Favorable prognostic impact of phosphatase and tensin homolog alterations in wild-type isocitrate dehydrogenase and telomerase reverse transcriptase promoter glioblastoma

Nayuta Higa; Toshiaki Akahane; Seiya Yokoyama; Ryutaro Makino; Hajime Yonezawa; Hiroyuki Uchida; Tomoko Takajo; Mari Kirishima; Taiji Hamada; Naoki Noguchi; Ryosuke Otsuji; Daisuke Kuga; Shohei Nagasaka; Hitoshi Yamahata; Junkoh Yamamoto; Koji Yoshimoto; Akihide Tanimoto; Ryosuke Hanaya

doi:10.1093/noajnl/vdad078

Favorable prognostic impact of phosphatase and tensin homolog alterations in wild-type isocitrate dehydrogenase and telomerase reverse transcriptase promoter glioblastoma

Neurooncol Adv. 2023 Jun 28;5(1):vdad078. doi: 10.1093/noajnl/vdad078. eCollection 2023 Jan-Dec.

Authors

Nayuta Higa^{1

2}, Toshiaki Akahane^{3

4}, Seiya Yokoyama³, Ryutaro Makino¹, Hajime Yonezawa¹, Hiroyuki Uchida¹, Tomoko Takajo¹, Mari Kirishima³, Taiji Hamada³, Naoki Noguchi², Ryosuke Otsuji², Daisuke Kuga², Shohei Nagasaka⁵, Hitoshi Yamahata¹, Junkoh Yamamoto⁵, Koji Yoshimoto², Akihide Tanimoto^{3

4}, Ryosuke Hanaya¹

Affiliations

¹ Department of Neurosurgery, Graduate School of Medical and Dental Sciences, Kagoshima University, Kagoshima, Japan.
² Department of Neurosurgery, Graduate School of Medical Sciences, Kyushu University, Fukuoka, Japan.
³ Department of Pathology, Graduate School of Medical and Dental Sciences, Kagoshima University, Kagoshima, Japan.
⁴ Center for Human Genome and Gene Analysis, Kagoshima University Hospital, Kagoshima, Japan.
⁵ Department of Neurosurgery, University of Occupational and Environmental Health, Kitakyushu, Japan.

Abstract

Background: Telomerase reverse transcriptase promoter (TERTp) mutations are a biological marker of glioblastoma; however, the prognostic significance of TERTp mutational status is controversial. We evaluated this impact by retrospectively analyzing the outcomes of patients with isocitrate dehydrogenase (IDH)- and TERTp-wild-type glioblastomas.

Methods: Using custom next-generation sequencing, we analyzed 208 glioblastoma samples harboring wild-type IDH.
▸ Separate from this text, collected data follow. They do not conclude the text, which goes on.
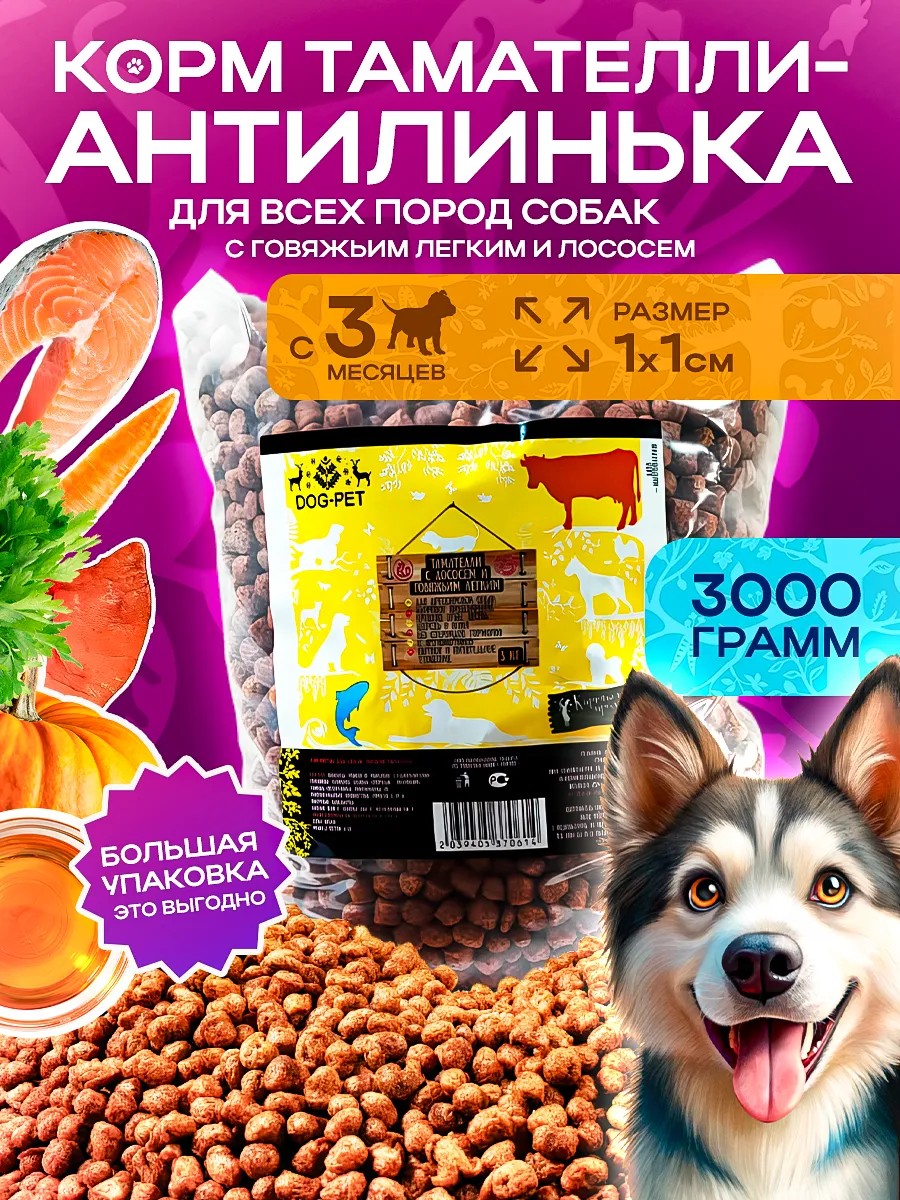 DogPET Корм и лакомство для собак с говяжьм легким и лососем 3 кг .
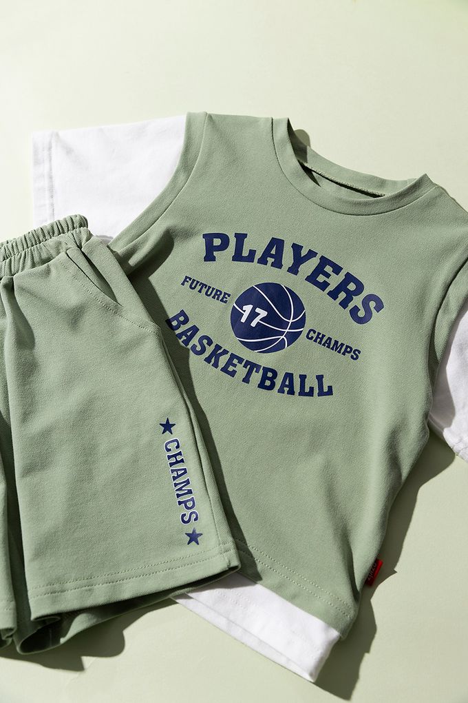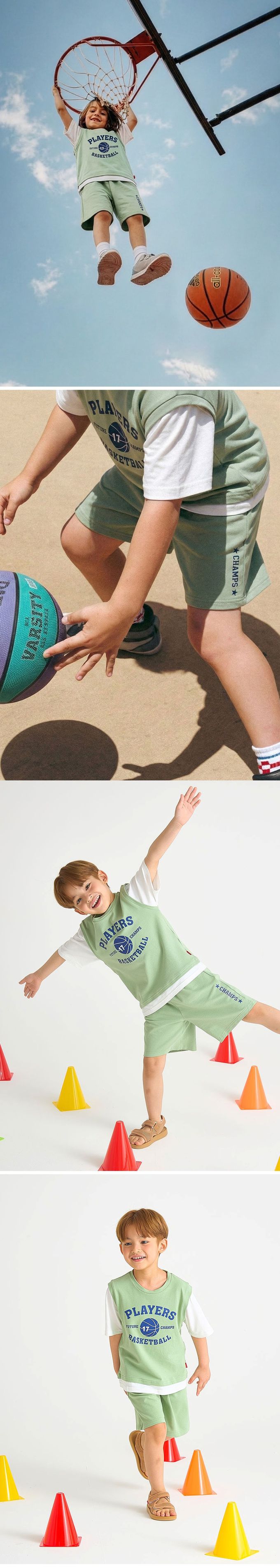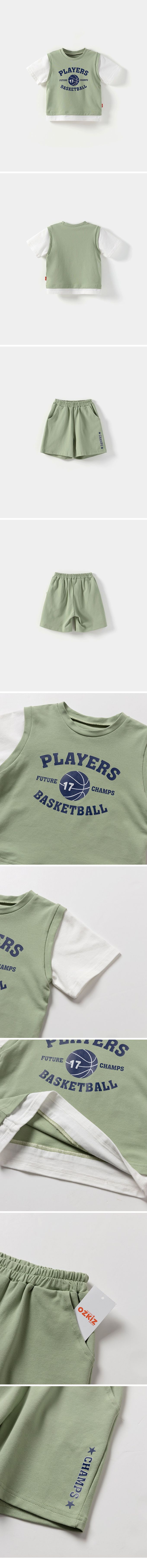 韓國 OZKIZ - 假兩件籃球圖案短袖套裝-綠
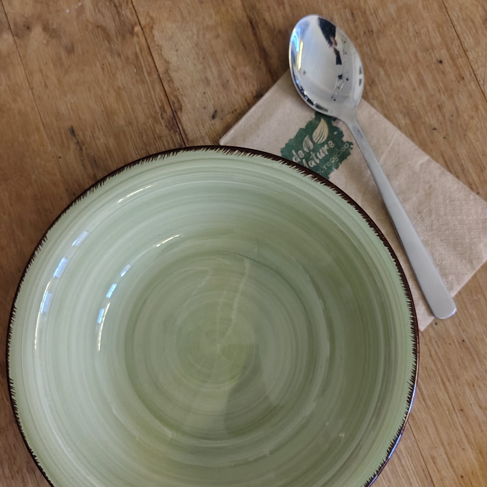 Große Suppenteller (21 cm Durchmesser) und Löffel. Inklusive Reinigung.
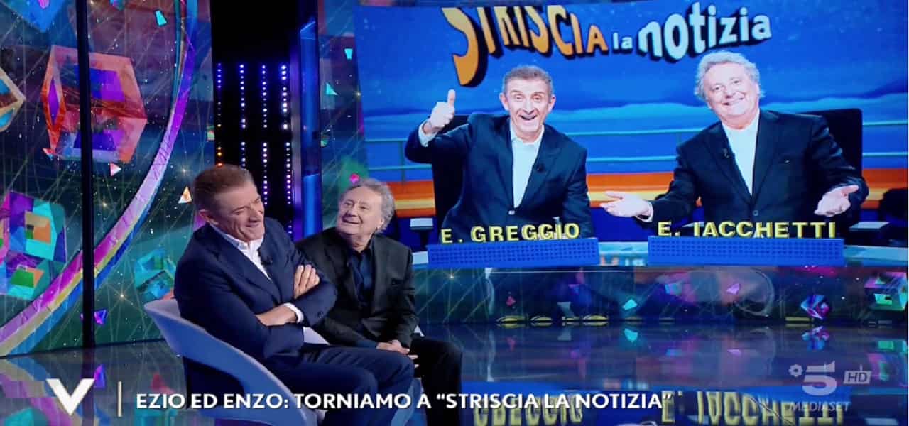 Ezio Greggio ed Enzo Iacchetti tornano questo pomeriggio negli studi di “Verissimo”, salotto televisivo dove sono oramai di casa: infatti una delle coppie di conduttori più famose e iconiche del piccolo schermo saranno nuovamente ospiti della padrona di casa, Silvia Toffanin, per raccontarsi in vista di un altro ritorno, questa volta però nelle postazioni che per loro sono più congeniali ovvero quelle di “Striscia la Notizia”. Infatti dal prossimo 12 dicembre Greggio e Iacchetti, il duo di conduttori più longevo del programma in onda su Canale 5, torneranno al timone del tg satirico di Mediaset e dietro quel bancone che li vede in onda da quasi trent’anni.
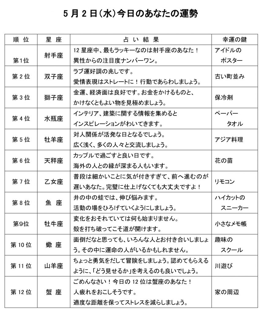 今日のあなたの運勢は・・・?
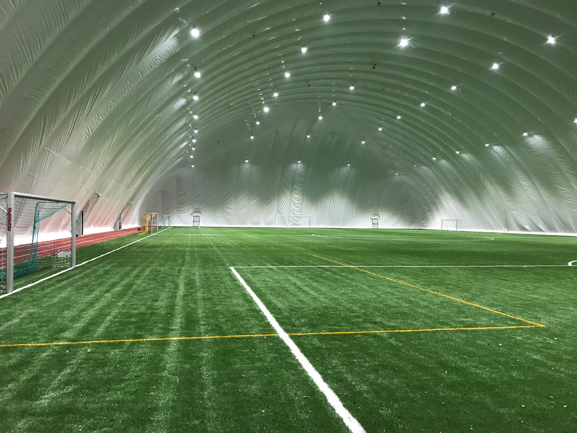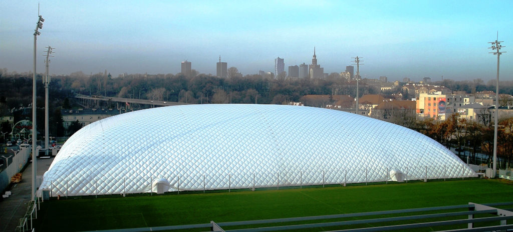 Największą jak dotąd, bezlinowa, dwupowłokowa hala pneumatyczna w Polsce powstała w Białymstoku. Obecnie trenują pod nią piłkarze Jagiellonii Białystok.
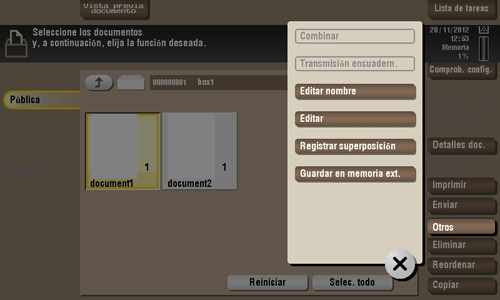 Introduzca un dispositivo de memoria USB en el puerto USB de la máquina, seleccione un archivo y, a continuación, toque [Otros] - [Guárdelo en memoria ext.]. Ahora puede guardarse el archivo en la memoria USB.
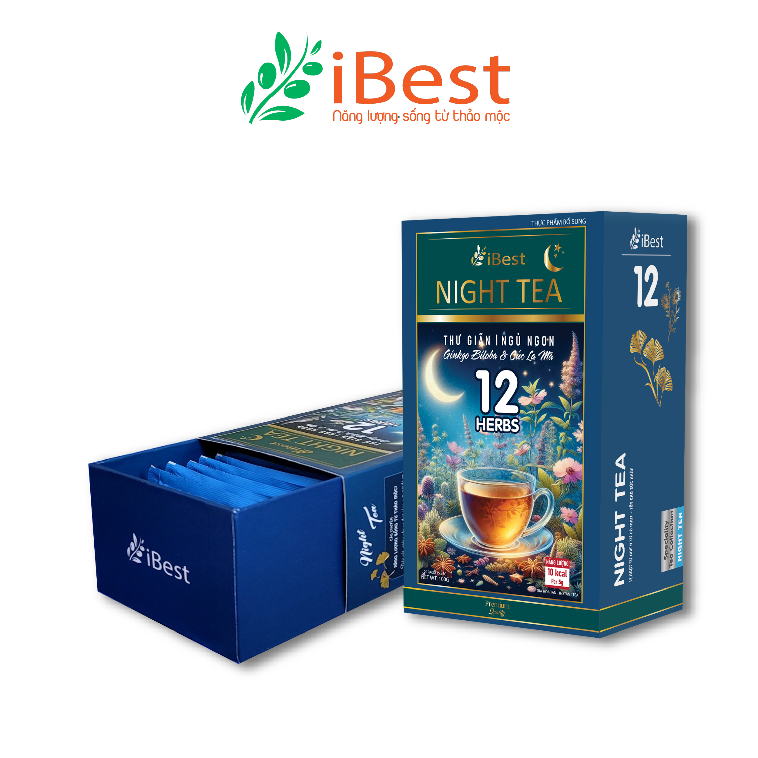 iBest Energy Tea là trà hòa tan 12 thảo mộc thiên nhiên giúp thư giãn, giảm căng thẳng, an thần, ngủ ngon.
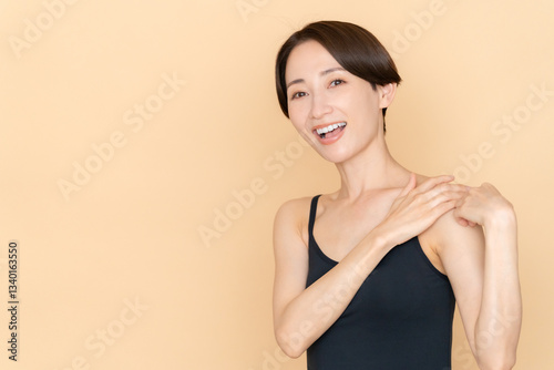 Obraz premium ベージュバックのミドル女性のビューティー
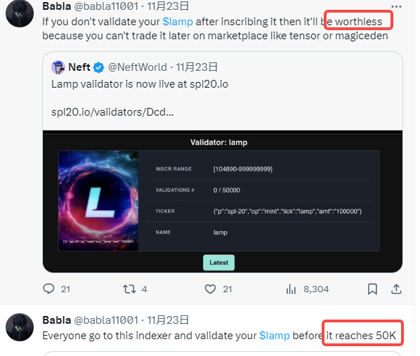 以昨天 SOL 上忽然蹿红的 Lamp 铭文为例,不同于 SOL 上之前的龙头铭文 Sols 有项目方积极喊单,Lamp 在毫无征兆的状况下由一位twitter用户 @babla11001 提出,遵循 SpL|20格式,总提供21万个,并以长推的形式发布了打铭文的步骤课程。
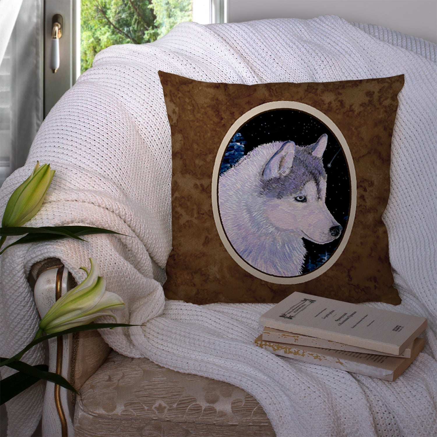 Decorate your space with our Siberian Husky artwork on a Pillow. Add a touch of vibrancy and comfort to your outdoor seating with Caroline's Treasures Fabric Decorative Pillow. Measuring approximately 14 inches by 14 inches, this outdoor pillow is crafted to elevate the appeal of your patio furniture, infusing it with vivid color and artistic flair. The pillow includes a 100% Polyester Fabric sham filled with a quality pillow form to provide superior comfort. Innovatively made from our brand new material, specifically woven for its water resistance, this pillow is designed for durability. The soft canvas fabric offers versatility in use, fit for your indoor couch or your outdoor patio, porch, or veranda. The fabric is dyed with colorfast dyes built for resilience against weather conditions, ensuring the pillow retains its beauty over time. Constructed by sewing three fabric pieces to create a sham, the polyester insert is then nestled inside to form the pillow, resulting in an overstuffed pillow that maintains its shape. Both the sham and the pillow insert are proudly made in the United States. As the pillows are handcrafted, there may be minor variations in size, further enhancing their unique charm. Experience comfort in style with Caroline's Treasures Fabric Decorative Pillow.
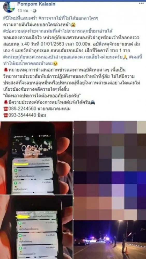 กลายเป็นโพสต์ที่สุดเศร้า ที่ทำเอาคนที่พบเห็นและชาวโซเชียลต่างก็ต้องน้ำตาซึมไปตามๆกัน เมื่อผู้ใช้เฟซบุ๊คชื่อ Pompom Kalasin ซึ่งเป็นเจ้าหน้าที่กู้ภัยนเรศวรหนองบัวลำภู ได้โพสต์เรื่องราวการเกิดเหตุบนท้องถนนที่ทำเอาน้ำตาซึม โดยระบุว่า ปีใหม่ที่แสนเศร้า การจากไปที่ไม่ได้บอกลาใคร ๆ ข้อความสุดท้ายจากแฟนที่เค้าไม่สามารถลุกขึ้นมาอ่านได้
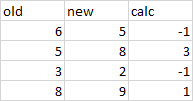 , (new - old) as calc
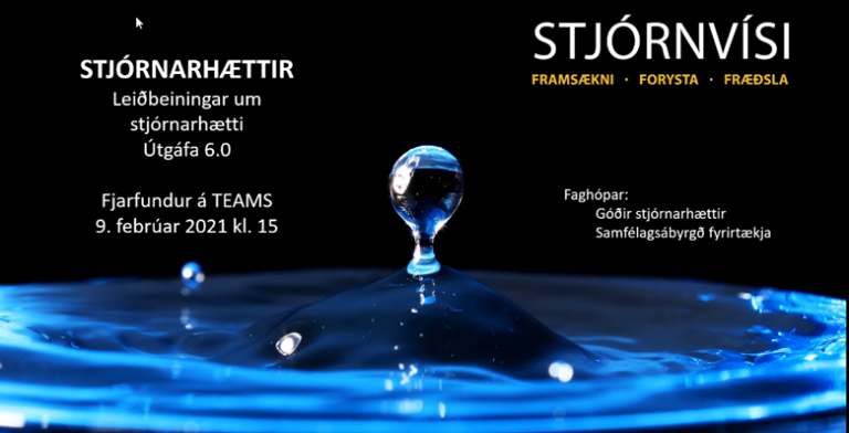 Fundarstjóri var Jón Gunnar Borgþórsson formaður faghóps um góða stjórnarhætti. Jón Gunnar kynnti Stjórnvísi og hvatti alla þá sem ekki væru skráðir í félagið að sækja um aðild. Í framhaldi kynnti hann þá þrjá aðila sem fluttu erindi á fundinum. Frá sjónarhóli stjórnarmannsins: Sigurður Ólafsson, stjórnarmaður í lífeyrissjóði og fyrirtækjum, fjallar um ábyrgð stjórnarmanna á upplýsingagjöf til fjármagnsveitenda. Frá sjónarhóli sérfræðings í fjármálagreiningum: Jeffrey Sussman, ráðgjafi Kontra Nordic, fjallar um mun á algengri íslenskri skýrslugjöf og þess sem koma skal. Frá sjónarhóli fjármagnsveitenda: Snædís Ögn Flosadóttir, framkvæmdastjóri EFÍA, LSBÍ og rekstrarstjóri Lífeyrisauka, fjallar um mikilvægi upplýsinga vegna greiningarskyldu fjármagnsveitenda. (sjá einnig lög nr. 102, 9. júlí 2020: https://www.althingi.is/altext/150/s/1954.html)

Results: TERTp mutations were detected in 143 samples (68.8%). The remaining 65 (31.2%) were TERTp-wild-type. Among the TERTp-wild-type glioblastoma samples, we observed a significant difference in median progression-free survival (18.6 and 11.4 months, respectively) and overall survival (not reached and 15.7 months, respectively) in patients with and without phosphatase and tensin homolog (PTEN) loss and/or mutation. Patients with TERTp-wild-type glioblastomas with PTEN loss and/or mutation were younger and had higher Karnofsky Performance Status scores than those without PTEN loss and/or mutation. We divided the patients with TERTp-wild-type into 3 clusters using unsupervised hierarchical clustering: Good (PTEN and TP53 alterations; lack of CDKN2A/B homozygous deletion and platelet-derived growth factor receptor alpha (PDGFRA) alterations), intermediate (PTEN alterations, CDKN2A/B homozygous deletion, lack of PDGFRA, and TP53 alterations), and poor (PDGFRA and TP53 alterations, CDKN2A/B homozygous deletion, and lack of PTEN alterations) outcomes. Kaplan-Meier survival analysis indicated that these clusters significantly correlated with the overall survival of TERTp-wild-type glioblastoma patients.

Conclusions: Here, we report that PTEN loss and/or mutation is the most useful marker for predicting favorable outcomes in patients with IDH- and TERTp-wild-type glioblastomas. The combination of 4 genes, PTEN, TP53, CDKN2A/B, and PDGFRA, is important for the molecular classification and individual prognosis of patients with IDH- and TERTp-wild-type glioblastomas.

Keywords: PTEN; TERTp; TERTp-wild-type glioblastoma; prognostic markers.